Is Philip Pullman of Aslan's Party Without Knowing It?
What Pullman misses about Narnia – plus bonus talk and essay on innocence, experience and the Fall in C. S. Lewis's Chronicles of Narnia and Philip Pullman's His Dark Materials
Pullman recently went on Alex O’Connor’s Within Reason podcast, reiterating his long-held, self-described hatred of Narnia – he thinks Lewis tells lies to children. But what do Lewis and Pullman have in common with their view of imagination? Can you have a Republic of Heaven instead of a Kingdom? Is Pullman "of Aslan's party without knowing it"?
I was delighted that the Critic online magazine chose to publish my response to why Philip Pullman, exploring how he is more like C. S. Lewis than he might think.

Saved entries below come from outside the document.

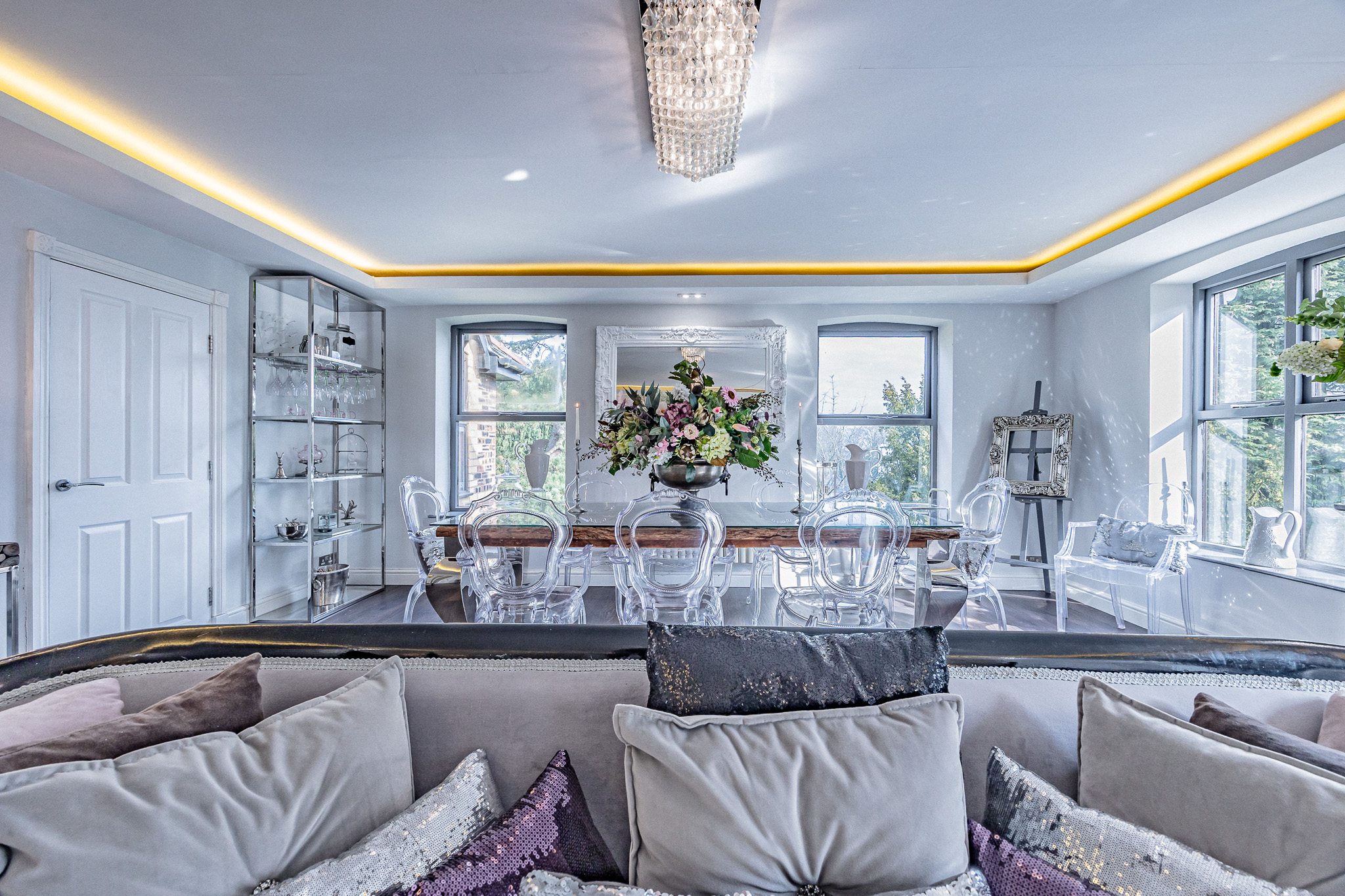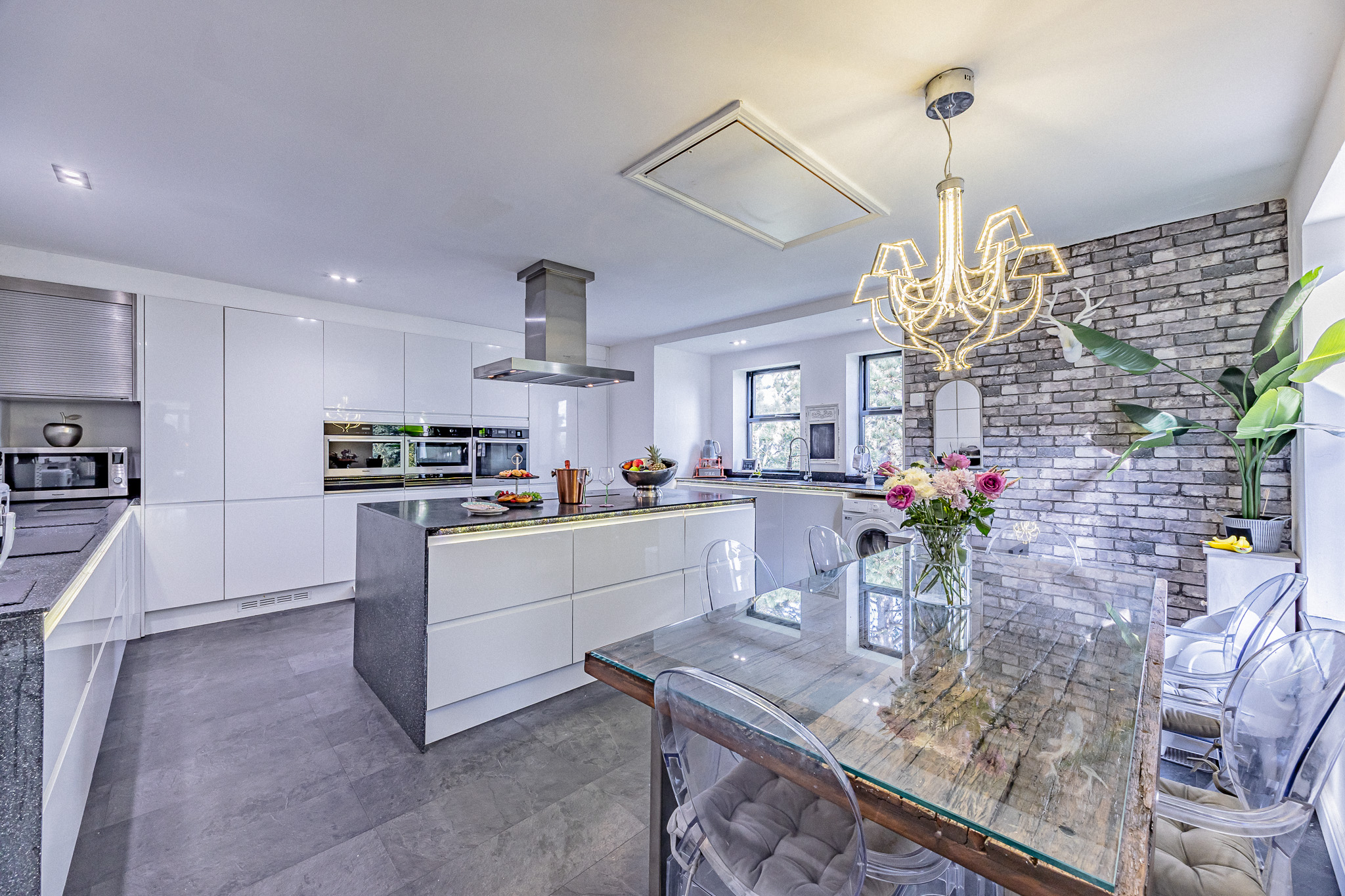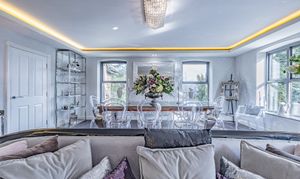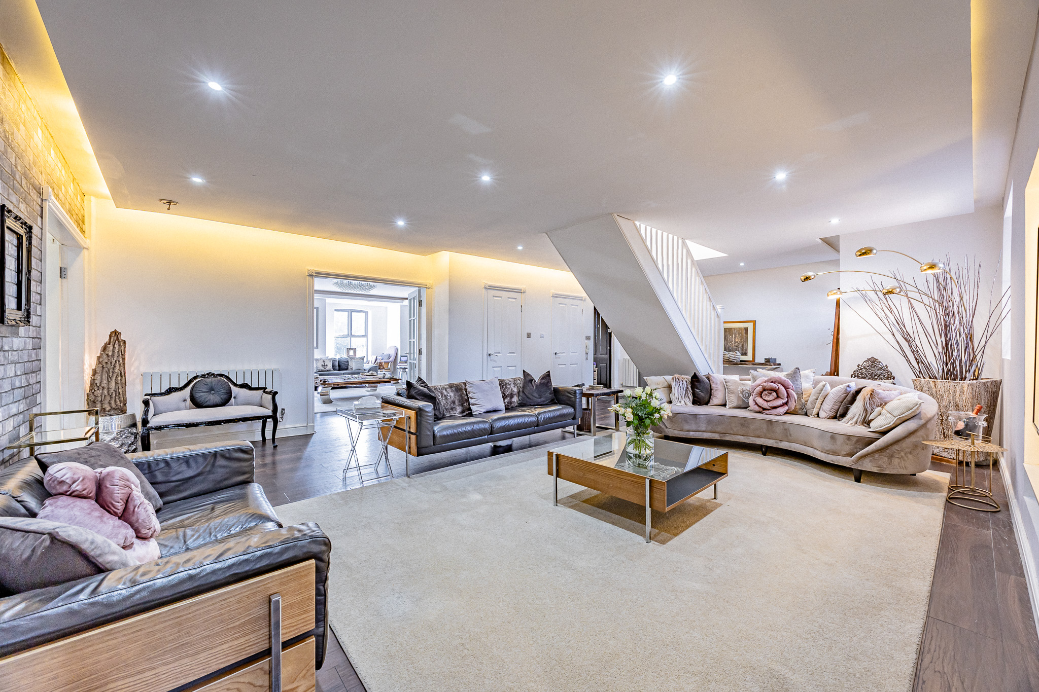 A sitting room sits comfortably beneath the stairs, offering space for a wall mounted television with ambient lighting and a cosy yet elegant atmosphere. Double glass doors open seamlessly into the heart of the home, leading into the spacious living and dining area which is beautifully private, dual aspect and not overlooked, creating a peaceful environment surrounded by mature greenery. Windows wrap around the space allowing natural light to flood in and providing room for a large dining table comfortably seating eight, making it perfect for entertaining. Adjacent to this is the impressive breakfast kitchen which has been finished with tiled flooring and fitted with high quality integrated appliances including a Miele microwave, oven and steam oven, integrated full fridge and full freezer, an induction hob set within the island with a moveable extractor hood, a full size dishwasher, integrated bin storage and spice racks, space for a washing machine and a boiler that was replaced one year ago. The kitchen is thoughtfully designed with ample storage and a central island that creates a social hub for cooking and gathering. Off the seating area there is a large storage cupboard which offers fantastic versatility and could easily be converted into a utility space with shelving and room for additional appliances.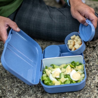 voluminöse Lunchbox • mit Trennsteg • mit Clipverschluss • der praktische Begleiter für Büro, Schule und Ausflüge • ideal auch für Obst • ideale Kombination mit Trinkflasche OASE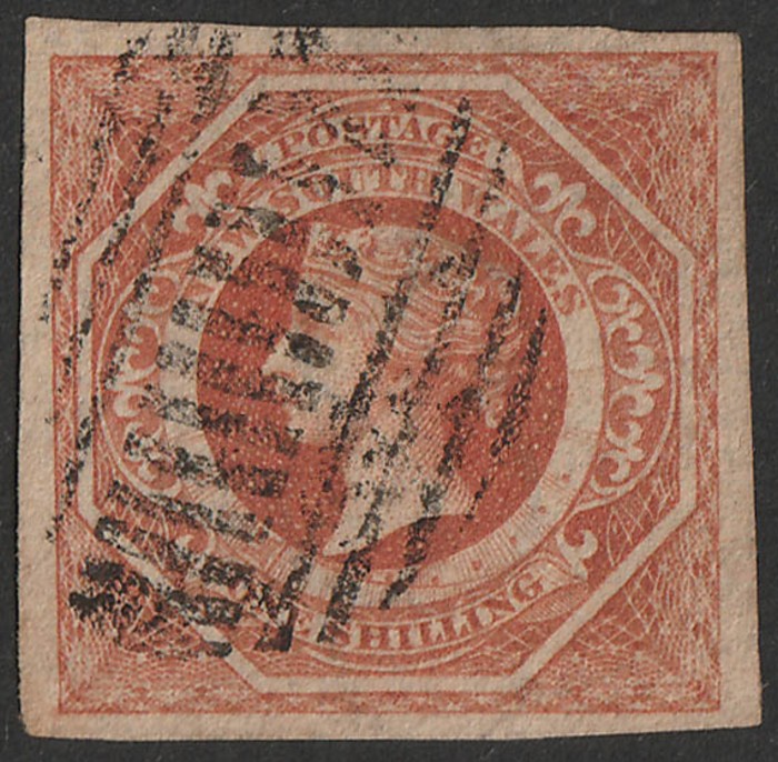 orange-yellow. F-VFU, 3½ margins. Scott 20 cat US$1000. SG 80 cat £750. (P) (Image1)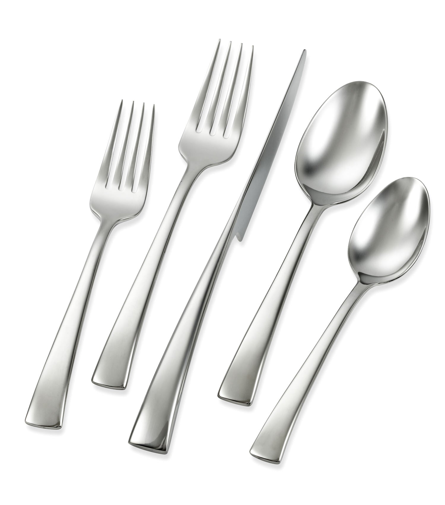 18/10 Stainless steel construction. Forged dinner knives. Resistant to corrosion. Brilliant finish. Serves up to 8. 8 Dinner knives. 8 Dinner forks. 8 Dinner spoons. 8 Salad spoons. 8 Teaspoons. Serving fork. Serving spoon. Slotted serving spoon. Butter knife. Sugar spoon. Dishwasher safe.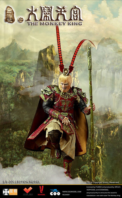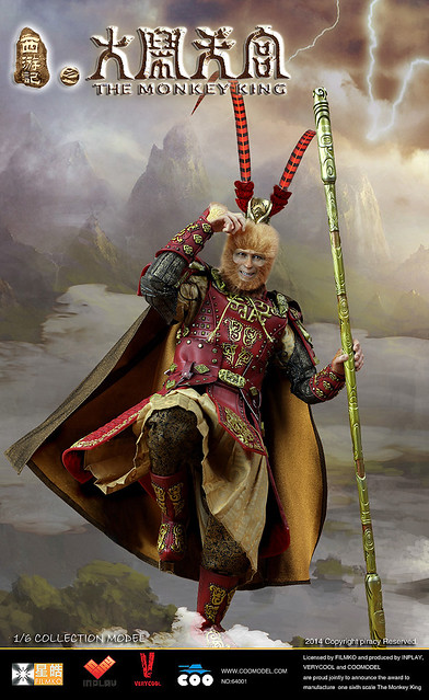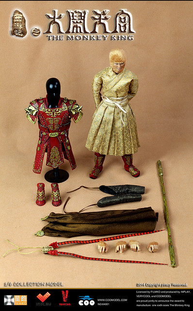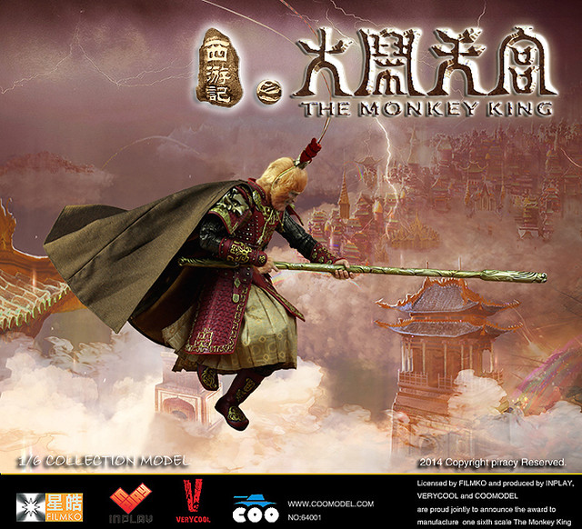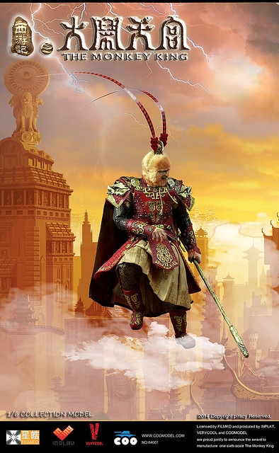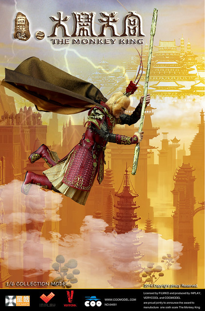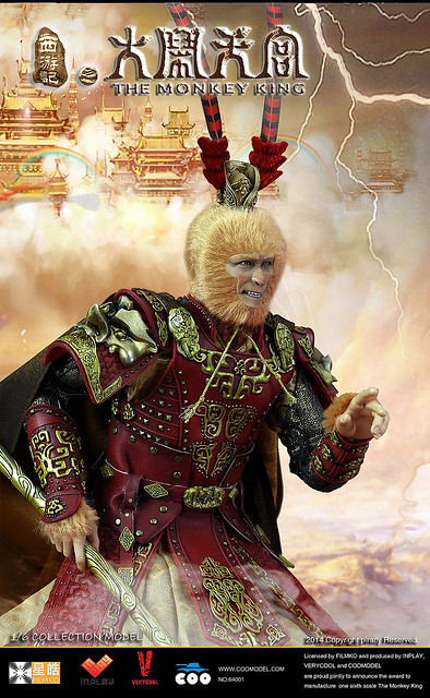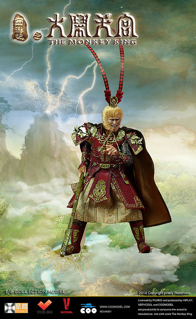 【西遊記之大鬧天宮】集結了周潤發、甄子丹、郭富城等眾多巨星並耗時數年後製拍攝而成,其中甄子丹詮釋影史上被演繹多次的齊天大聖一角表現格外引人注目。近期網上也公佈了由星皓娛樂官方授權、COOMODEL所製作的1/6比例人偶,官方造型特效化妝頭雕相當傳神再現,戰袍細節非常細緻,大聖招牌武器「金箍棒(定海神針)」製作也毫不馬虎,整體完成度相當不錯!配件明細如下,近期官方將公佈預購資訊,預計2014第4季推出提供大家參考。

I’ve enjoyed the discussion it has created, with long threads debating it on Facebook groups about C. S. Lewis, mythology and science fiction.
Check it out and let me know what you think – and keep reading here for further reflections on this debate from my academic paper on the topic…
A bonus for supporters
My article for the Critic is based on an academic paper I gave at the C. S. Lewis International Interdisciplinary Conference back in November. As a bonus for my supporters, I’m including my paper and a video of me delivering it below, covering the topic from some different angles (plus a bunch of footnotes!)
Almost all my output is available freely, but as a freelance writer and editor, I give a significant amount of time to writing and podcasting about imagination, meaning-making and faith here on Substack.
That comes with real costs: financial (software subscriptions and the like) as well as time and opportunity cost – it’s time I’m then not spending doing paid editorial work.
Of Man’s First Disobedience: innocence, wisdom and the Fall in The Chronicles of Narnia and His Dark Materials
Down through the years, poets, storytellers and theologians have interpreted and reinterpreted the origin myth of the Fall. C. S. Lewis and Phillip Pullman each reimagine the Fall as a way of engaging with questions of innocence and wisdom, and what it means to grow up as a human being.
Pullman’s trilogy is very consciously a response to the Narnia books, both deeply influenced by them and seeking to repudiate many of their messages. “I hate the Narnia books,” said Pullman, “and I hate them with deep and bitter passion, with their view of childhood as a golden age from which sexuality and adulthood are a falling away”.1
But is this an accurate appraisal of the Narnia books, and are the ideas of childhood and growing up in Pullman’s His Dark Materials trilogy really so different? I believe that while there are deep theological differences, there are also some surprising affinities and continuities, as we’ll explore.
The differences in outlook are evident from their very beginnings. There is an intriguing parallel with The Lion, the Witch and the Wardrobe in the opening chapter of Northern Lights: both share in the characters of Lucy and Lyra young female protagonists who each have a strong sense of curiosity, and crucially, both begin their adventures by hiding in a wardrobe.
But the differing circumstances in which they do so encapsulates the deep difference in outlooks between the two stories: Lyra is trespassing, a transgression of the rules, whereas Lucy’s exploration is innocent. What are the implications of this?